Even love — an undeniable factor to happiness and touted as a precious commodity that is as available to the poor as it is to the rich — is not entirely immune from the influence of money. In a study concluded in 1992, “money disputes were [found to be] the best harbinger of divorce,” contributing to a 30-40 percent increase in divorce rates of the 2,800 couples analyzed. Money, while perhaps still unable to purchase real and honest love, can at least help to keep it intact.

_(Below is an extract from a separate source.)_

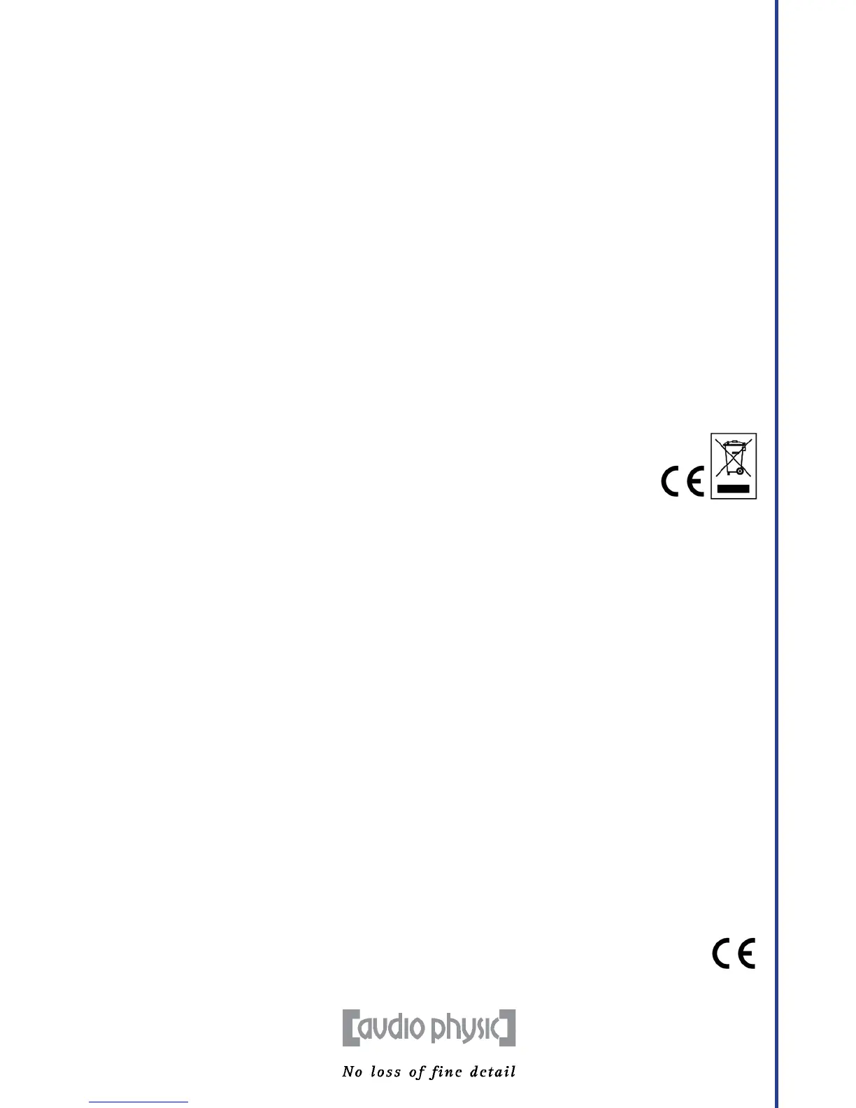 as well as your „Welcome to the Audio Physic Family“ package containing this Owner‘s Manual, the Final Inspection

But Lorde’s song does not focus on such modest aspirations. Both the song title and her pseudonym make it clear that the type of wealth she suggests is that of the richest of the rich. Such financial security allows those in the top economic strata a freedom to pursue happiness that those with fewer dollars could never afford. And, despite the claim that money is the devil, these pursuits are not necessarily materialistic or self-centered, either. Travel, cultural exploration, education, career development and talent enrichment — all barely attainable by the lower and middle classes — can all be funded by a stuffed bank account. Still, such objectives may be seen as selfish. But surely acquiring immense wealth is more selfless for the charitable person than choosing a life of strict asceticism; many more dollars may be donated to altruistic causes when one’s salary is six or seven digits than when one is eking out a meager existence that can barely provide for themselves, let alone others. Of course, most of us attending Princeton are not planning on living the life of a Puritan fundamentalist, but the premise remains the same: No matter what gives us happiness and no matter what we value, more money very often means a higher attainment of those ends.

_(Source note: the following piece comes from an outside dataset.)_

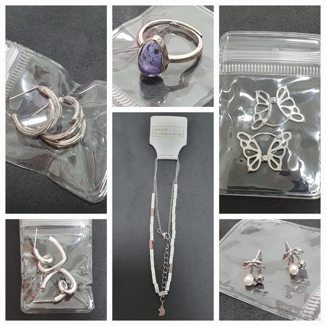 銀針耳環,鈦鋼項鍊,舒俱來925銀戒指,手工用鍍銀花朵墊片

I am not affirming that, without an inexhaustible amount of money, humanity is damned to a life of wretched misery. Indeed, happiness can be achieved across all three economic classes, and for that we should be grateful. Yet I do believe that money makes happiness much more accessible and attainable, especially in our modern, global economy. And while I wish to dispel the strange and somewhat hypocritical taboo surrounding financial ambition, I recognize the delicate line it walks beside greed. What separates the two, however, is gratitude: gratitude for what one currently has while still looking forward and striving for improvement. With that said, I will continue to dream of crystal, Maybachs and tigers on a gold leash unashamedly, fully aware that each dollar I receive buys me one dollar more of happiness, yet always contented with just the fantasy.